このネタはTwitterの文字数制限もあり、情景説明が不十分のため、私自身もこの解説ポイントを考えながら

『何と何の数字がどう合わなくて、何で関数を消す必要があるの???』

と思ってしまいました。(DAN爵さん、ごめんね!)

ひとまず指摘ポイントは

『エクセルの関数で計算している個所に、直接数字を入れてしまう』

『レポート数字を加工して誤魔化す』

の2つです。

指摘ポイント1:エクセルの関数で計算している個所に、直接数字を入れてしまう

「関数で計算している個所を、手打ちで修正」で、直ぐに思いつくケースは、

・CPCやCPAの項目に「件数/広告費用」の関数を入れて表示。

・件数が0の場合「#DIV/0!」が表示されてしまう。

・「#DIV/0!」を手打ちで修正する。

です。

関数のエラーの修正

このようにCPAを関数で表示する場合は、皆さんも大好きな「IFERROR関数」を使いましょう。

指摘ポイント2:レポート数字を加工して誤魔化す

「何と何の数値が合わなかったのか?」によっても変わりますが、レポート数値を修正する(誤魔化す)ケースはこの2つです。

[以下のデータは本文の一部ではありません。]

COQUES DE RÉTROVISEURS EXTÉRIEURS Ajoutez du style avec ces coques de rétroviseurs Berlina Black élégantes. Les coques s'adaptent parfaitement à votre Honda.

ケース1:「広告管理画面の数字」と「広告管理画面から抽出したエクセルの数値」が合わなかった

「広告管理画面の数字」と「広告管理画面から抽出したエクセルの数値」が合わなかった場合、まずは

・レポートの抽出期間を間違えていないか?

・抽出時に「フィルター」や「条件の絞り込み」がかかっていないか?

をチェックしましょう。

安易にレポート数値を修正せず、数値が合わない原因をつきとめることが大切です。

ケース2:「Googleアナリテイクスなどの外部ツールの数値」と「広告管理画面から抽出したエクセルの数値」が合わなかった

この場合は、計測ツールと広告管理画面では、計測の仕組みが異なるため、お客様に「そもそも数値はズレます」と説明しておくことが大切です。

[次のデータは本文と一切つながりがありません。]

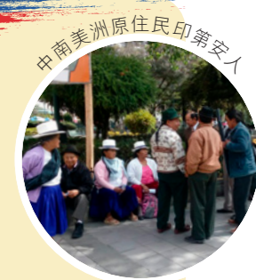
中南美洲原住民印第安人
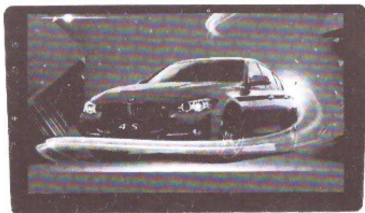
Car Audio And Video System

以前に、とある広告代理店様のサポートを行っていた際に

代理店様『「広告管理画面の数値」と「Googleアナリテイクスの数値」を合わせる作業に手間がかかっている』

私『そもそも数値に差異は出るものなので、広告レポートの数値まで合わせる必要ありますか?』

代理店様『もう1年もこれを続けているので、今さらお客様に言えない…』

なんてことがありました。

結局、お客様にちゃんと説明して

お客様『広告レポートの数字は、Googleアナリテイクスの数値と違っていても問題ない』

となりました。

お客様に仕様を分かりやすく伝えて、理解してもらうことも大切な役割です。

余談:「数字合わせをするために、関数の箇所を上書き修正する」について

今回のネタ「Excel(スプレッドシート)の関数のエラーを手打ちで修正してしまう」の解説を書く際に

『「何かしらの数字が合わないから、関数を修正する」ってどうゆうケースだろう?』

と、めちゃくちゃ悩みました。

まず、関数を使う項目って「CPC」「CTR」「CPA」「CVR」あたりだと思うのですが、この数字を合わるために関数を消すっていうのが、現実的ではないというか…。

・広告費用:10,000円 ←分子

・コンバージョン数:2件 ←分母

・CPA(関数で表示):5,000円

これで「CPA」を手入力で“4,000円”に修正した場合、そもそもの「広告費用」と「コンバージョン数」も変更しないと、CPAの計算が合わなくなるんですよね…。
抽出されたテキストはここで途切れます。